Australia’s competition watchdog has raised preliminary concerns over the proposed $16 billion acquisition of Carlton & United Breweries (CUB) by Japanese beverage giant Asahi.

The ACCC is concerned that merging the two largest suppliers of cider will reduce competition in the cider market and may also reduce competition in beer.

“The proposed acquisition would combine the two largest suppliers of cider in a highly concentrated market,” ACCC chair Rod Sims said.

“A combined Asahi-CUB would control the Somersby, Strongbow, Mercury and Bulmers cider brands, which account for about two thirds of cider sales. We are concerned that the proposed acquisition may lead to higher cider prices.”

Asahi has argued that cider and beer are part of the same market, but the ACCC sees this differently, and says drinkers do not readily switch between beer and cider.

The watchdog also has concerns about reduced competition in the highly concentrated beer market.

Asahi’s beer brands, including Asahi Super Dry, Peroni, Mountain Goat, Cricketers Arms and Two Suns, account for just 3.5 per cent of beer sales in Australia, but the ACCC is worried that Asahi may act as a competitive constraint on CUB and Lion, and said it has the potential to be “an even bigger threat in future”.

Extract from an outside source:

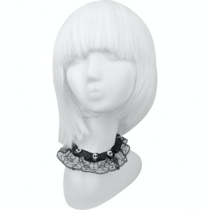 Оригинальный чокер, декорированный кружевом и маленькими черепками, на атласной ленте (на липучке), поможет создать неповторимый образ для фотосессии, готической вечеринки, а также станет прекрасным дополнением к карнавальному костюму на Halloween (Хэллоуин).

“Our preliminary view is that having Asahi in the market as a competitor to the big two brewers may help to keep a lid on beer prices. This competitive presence, and the threat of Asahi growing more in the future, would be lost if this deal goes ahead,” Sims added.

The ACCC said many market participants expressed concerns about the proposed deal in its discussions. A final decision will be made on March 19, 2020.